Offline Trace Checking of Quantitative Properties of Service-Based Applications
This provides service integrators with a precise method to verify quality attributes in service compositions, though it is incremental as it builds on existing specification patterns and tools.
The paper tackles the problem of verifying quantitative quality attributes in service-based applications by performing offline trace checking against specifications written in SOLOIST, a metric temporal logic extension, and achieves this through translation to CLTLB(D) and SMT-based verification, with performance comparisons to prior work.

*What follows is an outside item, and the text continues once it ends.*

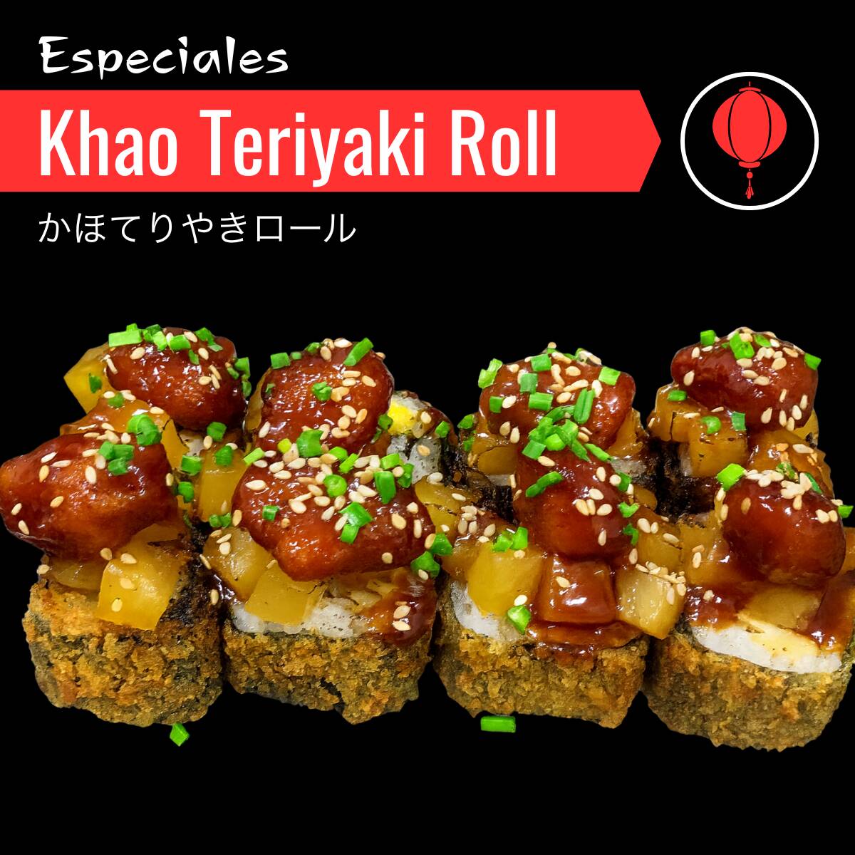Rollo de Sushi de 8 pz, con alga por fuera, empanizado, relleno de Pollo a la plancha, Piña, Tocino, cubierto de Piña Caramelizada, con Crispy Balls de Pollo bañadas en Salsa Teriyaki, con Cebollín y Ajonjolí Blanco.

Service-based applications are often developed as compositions of partner services. A service integrator needs precise methods to specify the quality attributes expected by each partner service, as well as effective techniques to verify these attributes. In previous work, we identified the most common specification patterns related to provisioning service-based applications and developed an expressive specification language (SOLOIST) that supports them. SOLOIST is an extension of metric temporal logic with aggregate temporal modalities that can be used to write quantitative temporal properties. In this paper we address the problem of performing offline checking of service execution traces against quantitative requirements specifications written in SOLOIST. We present a translation of SOLOIST into CLTLB(D), a variant of linear temporal logic, and reduce the trace checking of SOLOIST to bounded satisfiability checking of CLTLB(D), which is supported by ZOT, an SMT-based verification toolkit. We detail the results of applying the proposed offline trace checking procedure to different types of traces, and compare its performance with previous work.